Dáil debates

Thursday, 21 May 2020

Outbreaks of Covid-19 in Meat Processing Plants: Statements


11:20 pm

Francis Noel Duffy (Dublin South West, Green Party) | Oireachtas source

I thank the Ministers for their statements. Meat processing facilities have become one of the worst hit workplaces in Ireland and around the world during Covid-19. The issue will only get worse now that their production has increased for the summer period. As already mentioned, figures from the national public health emergency team, NPHET, show that there are a total of 828 cases in the meat processing plants. Despite the figures and a number of complaints no inspections have been carried out by the Health and Safety Authority or the Department of Agriculture, Food and the Marine. I am aware that HSE outbreak control teams have been sent to each of the clusters in the meat processing plants. Can the Minister clarify the specific functions of this group, what plans are in place to prevent further spread of the virus and where within the plants the virus has been detected?

Representatives from migrant organisations and union representatives have raised the issue of migrant workers at meat processing plants. They have made it clear that migrants in these working conditions are being disproportionately impacted by the virus. Some migrant workers cannot adhere to social distancing guidance at home due often to cramped living arrangements with non-relatives as a result of their low wages. Complaints have been made to Migrant Rights Centre Ireland by workers in various meat processing facilities who feel their safety at work is being neglected. They also feel that the owners of these plants have higher priorities than worker safety. This raises a series of questions. What clarity can the Minister provide with respect to measures currently taking place within these plants to ensure social distancing regulations can be adhered to? Will he ensure the shutdown of plants for a two week period where Covid-19 has been detected to allow for deep cleaning and are there contingencies if closures become widespread? Crucially, in situations where plants are closed due to Covid-19 will the Minister ensure workers are paid for that period as many employment contracts are without sick pay schemes or similar benefits?
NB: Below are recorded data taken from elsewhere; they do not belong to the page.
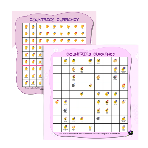 Sudoku is played on a grid of 9 x 9 spaces. Within the rows and columns are 9 “squares”. Each row, column, and square (9 spaces each) needs to be filled out with the countries currency, without repeating any currencies within the row, column, or square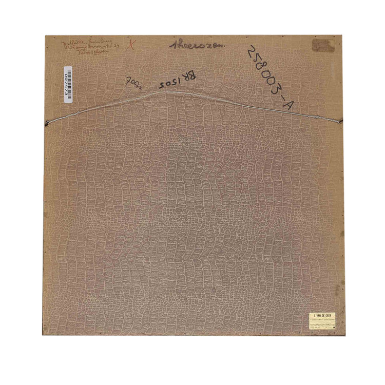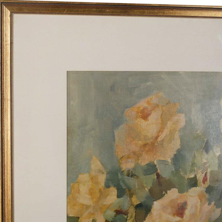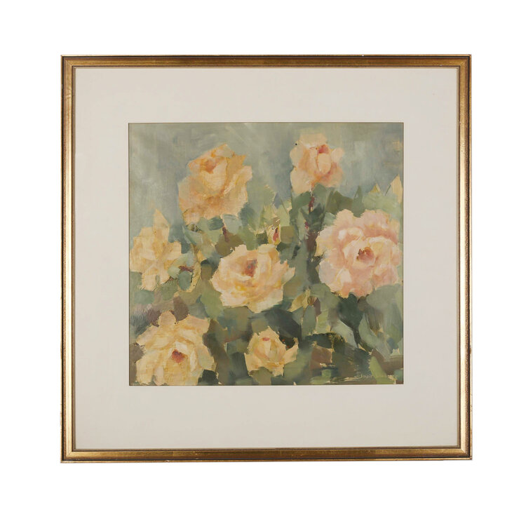 J. Muller-Limburg, Theerozen, jaartal onbekend. Aquarel op papier in goud gekleurde houten lijst. Afbeelding van licht roze rozen voor een blauwe achtergrond. Rechtsonder signatuur. Conditie: beschadigingen aan lijst. Afmeting lijst: 57 x 57 cm.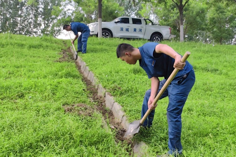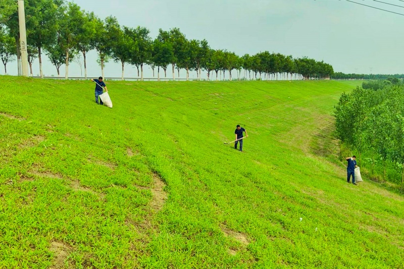 该段坚持“日常养护与季节整治相结合、问题整改与源头防控并重”的原则,针对日常巡查发现的各类问题,依据班坝责任制逐段落实责任,迅速组织人员开展高标准清理整治,确保问题闭环处理;加强堤顶道路、堤肩边坡及排水沟等部位的日常保洁与维护,定期清除杂草、垃圾杂物,保障工程整体面貌干净整齐;加大对近堤村庄密集区等重点堤段的巡查频次,对工程范围内倾倒垃圾、违章种植等行为及时劝阻制止,并同步上报水政执法部门依法处理,维护工程管理秩序;联合属地社区深入沿黄村庄,广泛宣传相关法律法规,增强群众法治意识和护堤自觉,从源头上遏制违法违规行为,营造共管共护的良好氛围。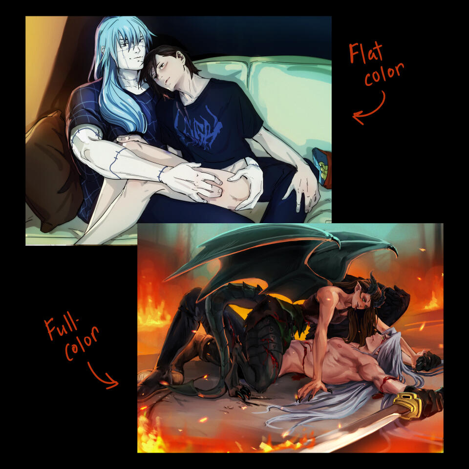 a maximum of 3 big modifications (change of pose, elements etc) at the sketch stage only. anything more than that will have an extra fee (more modifications means more time spent on the piece).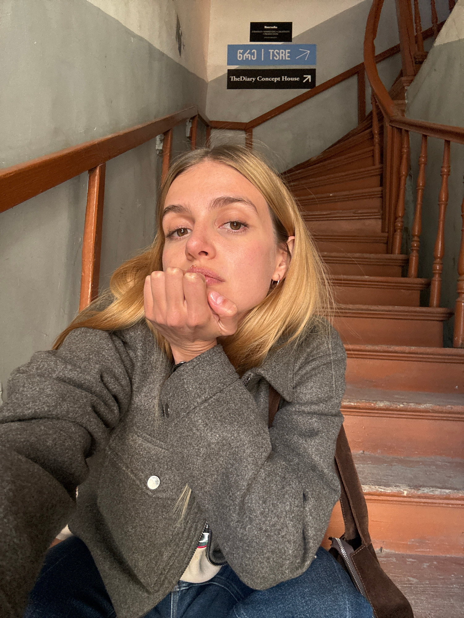 The image shows a blonde woman sitting on a wooden staircase, possibly in Tbilisi, Georgia, based on the presence of a sign that says "TheDiary Concept House" and "643 Tsre". The woman wears a grey co…read more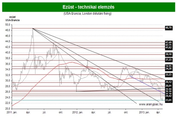 Míg az ezüst a nagy esés előtt jobban tartotta magát az aranynál, most ennek éppen az ellenkezője az igaz. A szürkésfehér nemesfém árfolyamáról ismét elmondható, hogy bár erősen korrelál a nagytestvérrel, mégis sokkal szélsőségesebben mozog. Az ezüst alulteljesítése talán annak tudható be, hogy a befektetők egyelőre kivárják, mi történik az aranynál, és inkább csak ez után vesznek fel pozíciókat. A következő szóba jövő ellenállási szint 24,42 dollárnál található, 23 dollár alatt pedig nehezen feltérképezhető mélységek kezdődnének.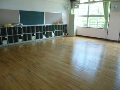 各教室では長期休業中の恒例である油引き(ワックスがけ)をしています。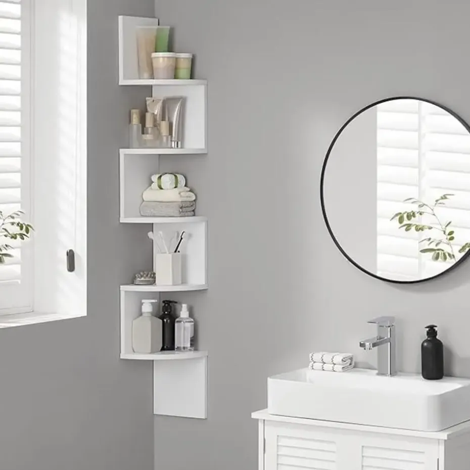Geef uw interieur een verfijnde upgrade met de Parya Home zwevende hoekplank. De unieke zigzagvorm, elegante wolkwitte kleur en subtiel gebogen planken zorgen voor een moderne en charmante uitstraling. Perfect voor uw woonkamer, badkamer of thuiskantoor.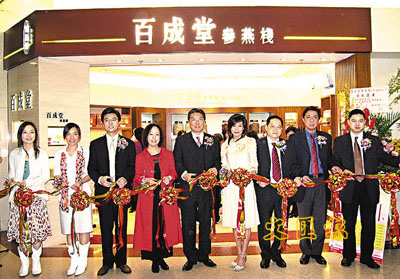 當日為百成堂鑽石山新店開幕主持剪綵的賓主包括:百成堂集團主席李應生伉儷,百成堂董事總經理李俊文伉儷,著名歌影視紅星趙學而,香港中醫藥管理委員會委員許生,香港中藥聯商會理事長曾超慶,香港參茸藥材寶壽堂商會理事長陳德泰。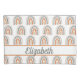 A modern and trendy whimsical pattern with a chic white background. Decorated with painted rainbows and hearts in beige, grey and brown. On front: Personalise and add your name. Back: rainbow pattern only.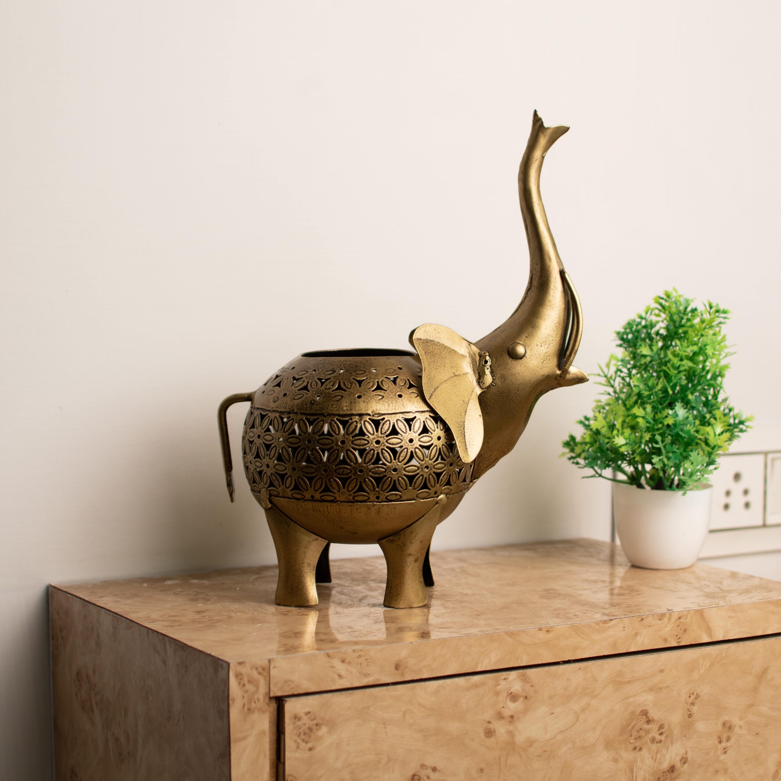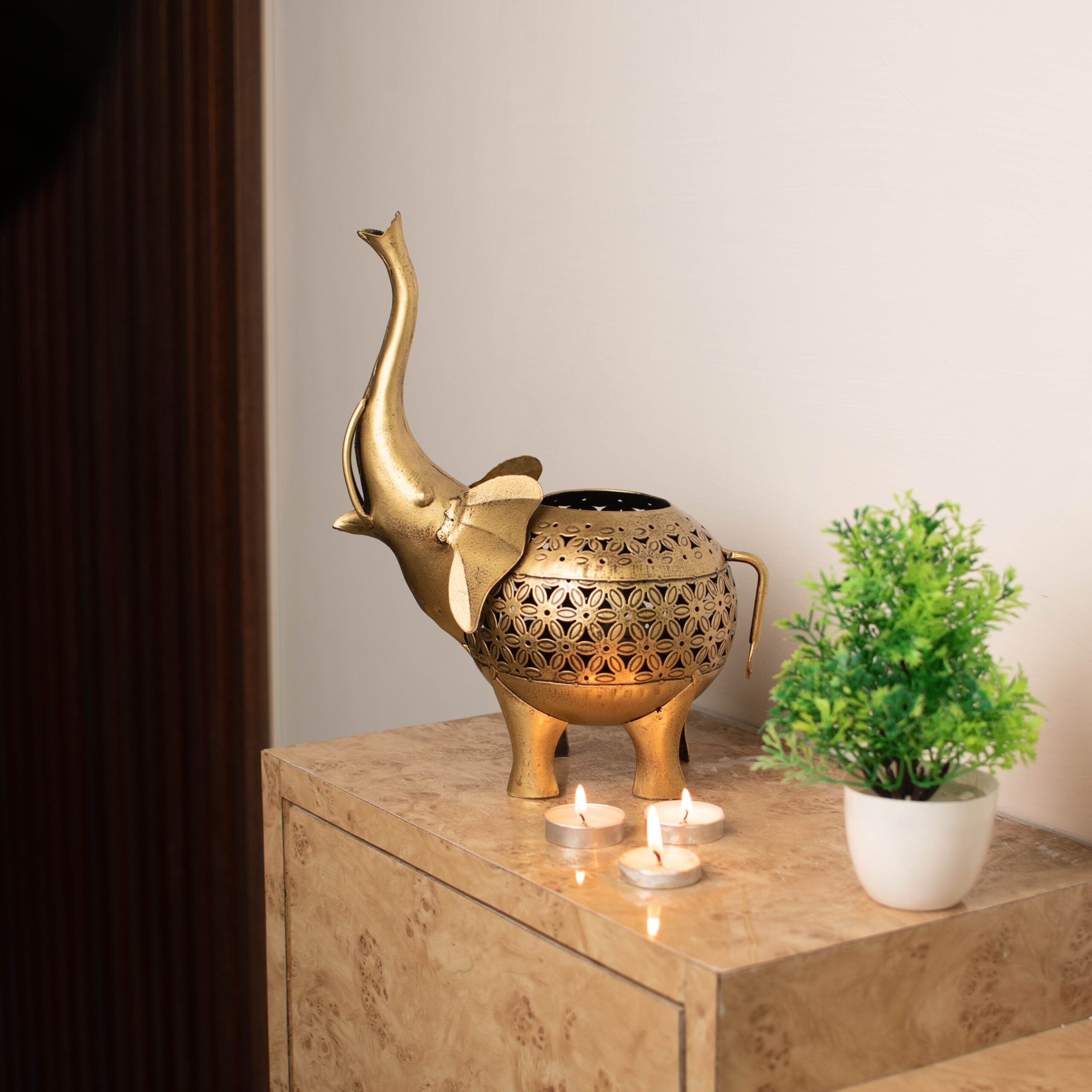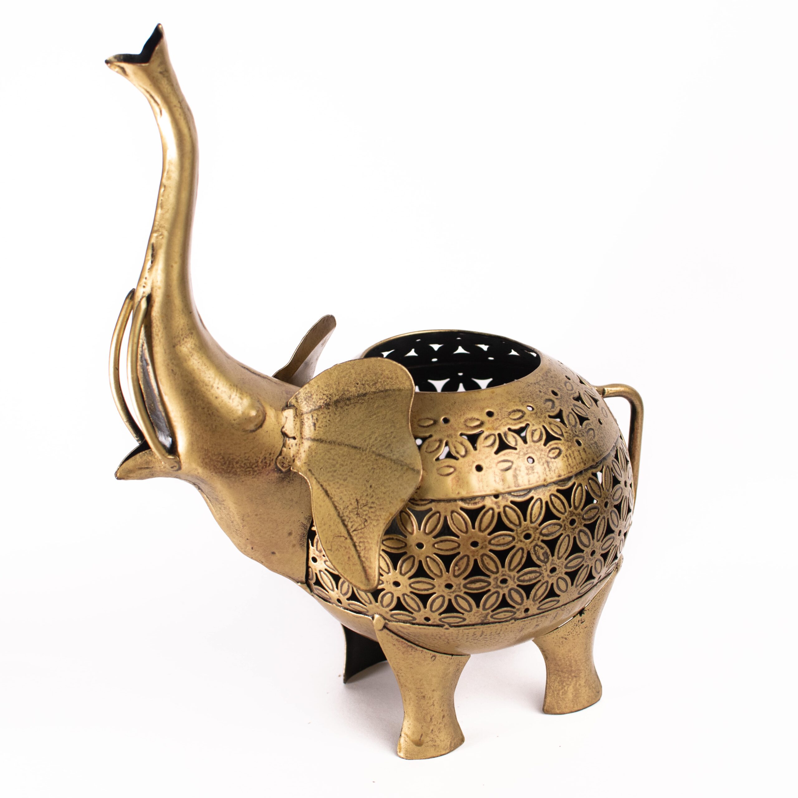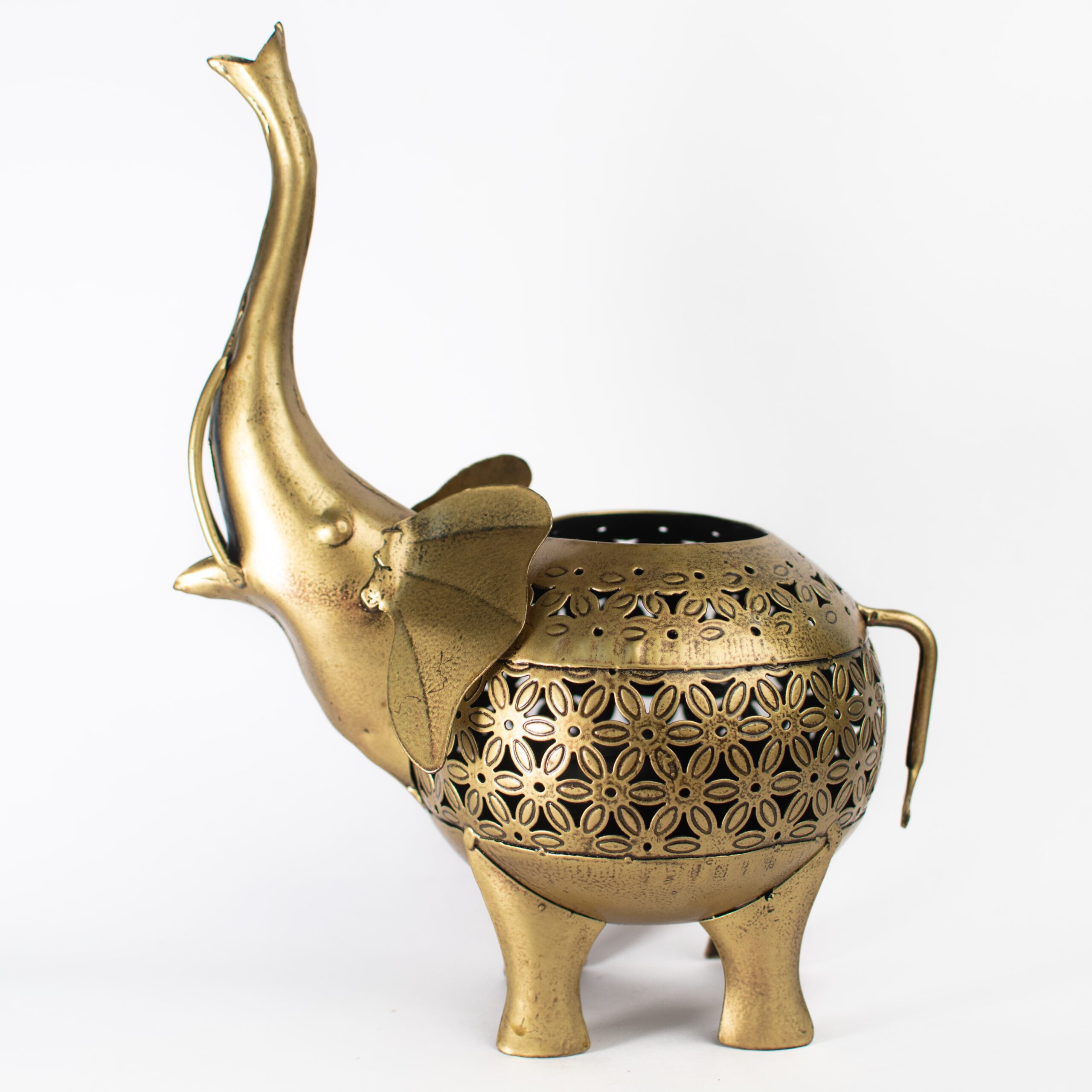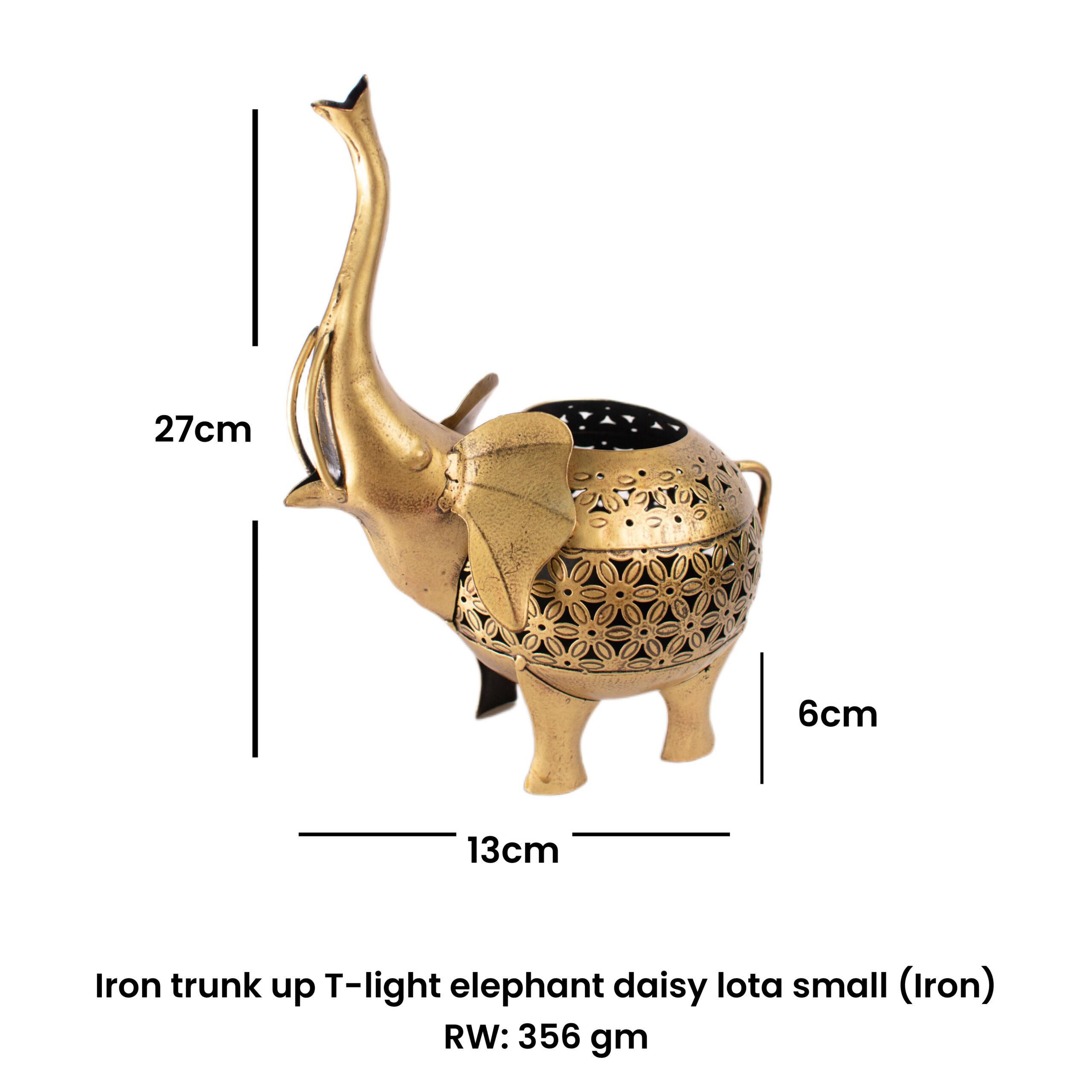 Infuse your space with artistic elegance and traditional charm with the Decorique Antique Iron T-light Elephant Daisy Lota. Crafted from high-quality iron with a rich antique gold finish, this exquisite piece features intricate daisy floral carvings and a majestic elephant design with its trunk raised—symbolizing prosperity and good luck.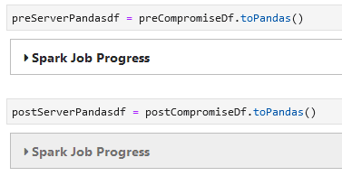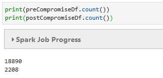 That seems right. I have a much larger time range for my preCompromiseDf versus my postCompromiseDf. (The “Df” is to help me remember that these are Spark DataFrame objects — simply a naming convention.)

There have been reports of the Garda visiting meat processing plants to warn workers that breaches of social distancing guidelines and regulations will not be tolerated. Many of these workers are on low paid contracts resulting in them having to live in extremely cramped conditions with non-relatives and sometimes with colleagues or workers from other meat processing plants. This increases the risk of the virus spreading and makes adherence to the HSE guidelines impossible. Will the Minister comment on the issue of workers in the meat processing sector who have contracted the virus but are not in a position to self-isolate and adhere to social distance guidelines due to their living in cramped conditions with non-relatives?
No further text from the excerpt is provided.